# Blasted 6309



## foztex (Nov 6, 2005)

Hi all,

well the case is back so I chucked this together last night. 6309-729A heavily blasted case, crown, bezel and back(except tsunami).

at the mo i've thrown in a standard movement and dial but hopefully i will put a rather nice military dial I have in once I've the hands I am after.

One thing though, where does the bezel retaining gasket go and where can I get one? any ideas chaps.




























cheers

Andy


----------



## JonW (Mar 23, 2005)

Wow that looks great Andy! I see youve taken a leaf outa my book and decided to head closer the the garden for the pics









I cant wait to see the finished article!


----------



## foztex (Nov 6, 2005)

JonW said:


> Wow that looks great Andy! I see youve taken a leaf outa my book and decided to head closer the the garden for the pics


Glad you appreciated it Jon, I've been admiring your horticultural backdrops for some time, but not having a garden was stopping me emulating your fine example.

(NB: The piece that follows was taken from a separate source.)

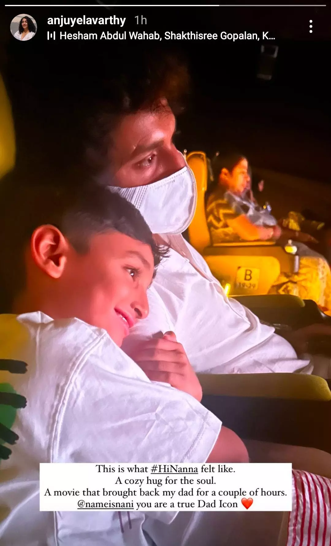 Nani and his family watched the movie in a theatre on the first day and it was a great experience. Nani's wife Anjana Yelavarthy shared a heartwarming picture of Nani being close to tears while watching the movie and his six-year-old kid Arjun aka Junnu is hugging him in an endearing fashion. She wrote, “That is what #HiNanna felt like. A cozy hug for the soul. A movie that brought back my dad for a couple of hours. @nameisnani you are a true Dad Icon.”

Luckily I was able to purchase the following item and as luck would have it we had the village mayor dedicate it at the weekend.


----------



## PhilM (Nov 5, 2004)

Nice work Andy, goes well with the red & blue bezel


----------



## JonW (Mar 23, 2005)




----------



## MIKE (Feb 23, 2003)

foztex said:


> but hopefully i will put a rather nice military dial I have in once I've the hands I am after.


Then it would look a bit like this one, depending on your dial choice 










The gasket fits with in a groove inside the bezel, from memory









Mike


----------